What you will do
Select all lines holding the word "بومبيو" from the entries that follow.

Material shown

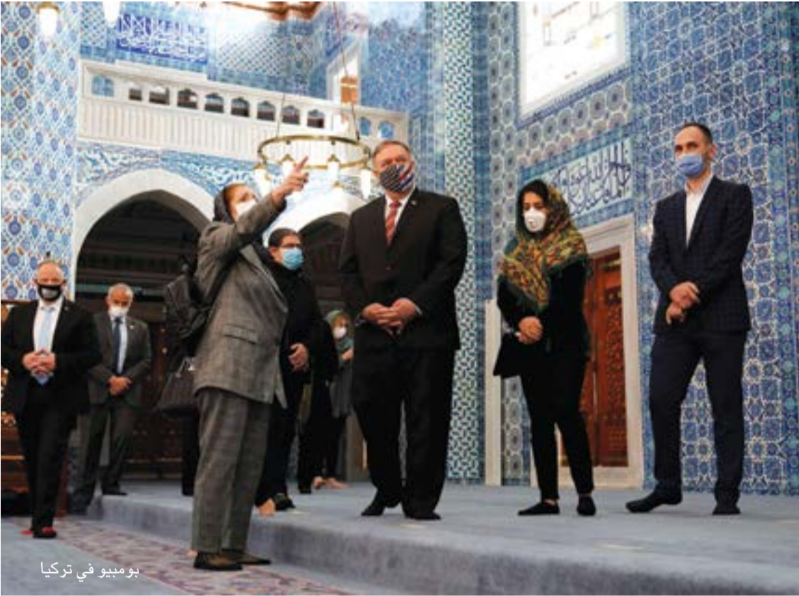
بومبيو في تركيا

وعلى العكس من هذه التفسيرات، فإن تصريحات بومبيو التي وصفت في تركيا بـ«العدائية» تشير إلى موقف أمريكي حاد ضد تركيا في الوقت بدل الضائع لإدارة
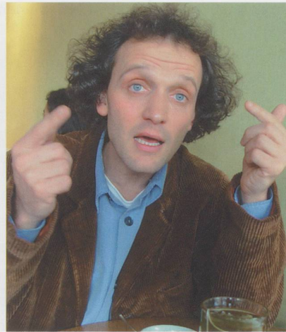
„Lachen ist ein Ausdruck menschlichen Wohlbefindens.“

Briand: Heute ist er ein weltweit gefragter Referent und Seminarleiter. Mein Eindruck ist zwiespältig. Auf einem neueren Video erscheint er als getriebener, etwas distanzloser Clown. Sein Status als Symbolfigur der Klinikclown-Bewegung ist für die praktische Umsetzung im pflegerischen Alltag nicht hilfreich. Ich fragte ihn persönlich an einem Wochenende: «Was machen wir mit den alten und kranken Menschen in unseren Institu-
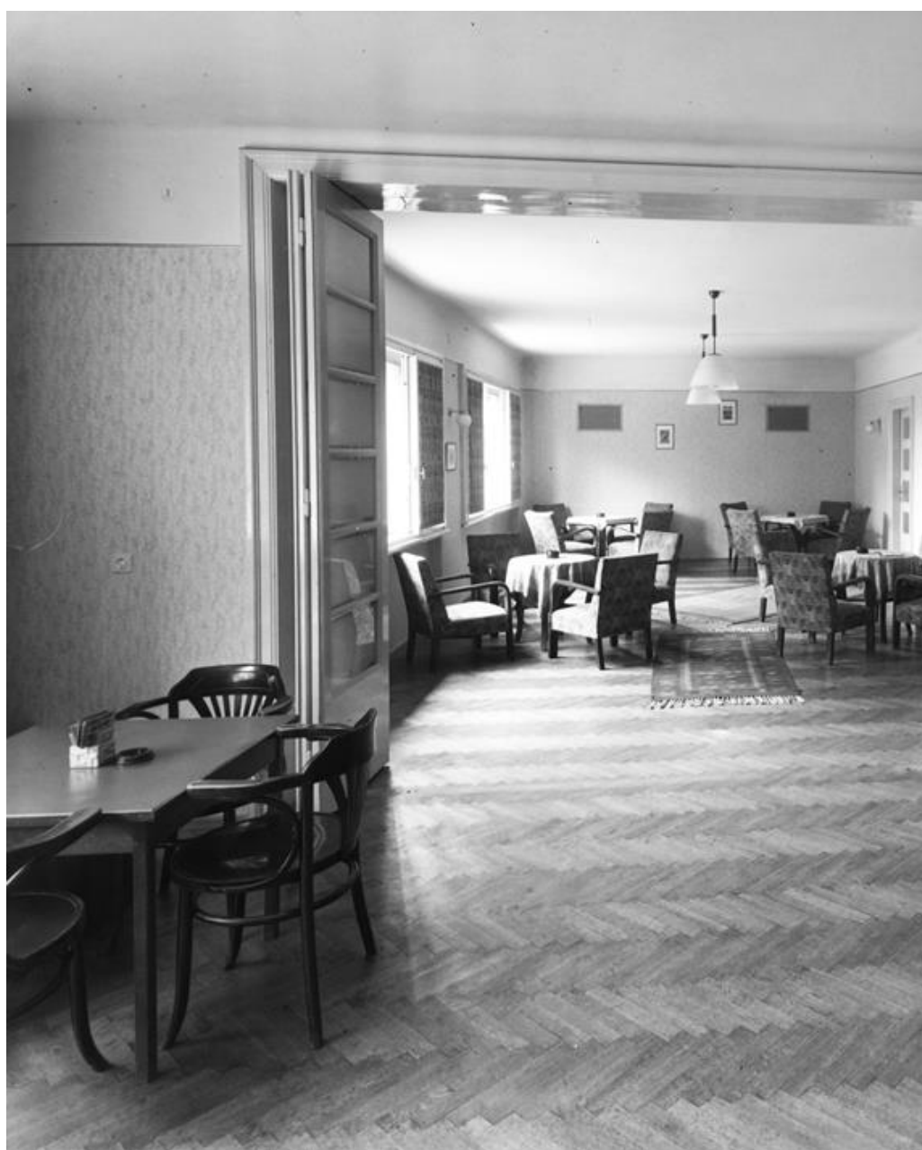
Pétfürdő, tisztí kaszinó h

Exercise output
بومبيو في تركيا
وعلى العكس من هذه التفسيرات، فإن تصريحات بومبيو التي وصفت في تركيا بـ«العدائية» تشير إلى موقف أمريكي حاد ضد تركيا في الوقت بدل الضائع لإدارة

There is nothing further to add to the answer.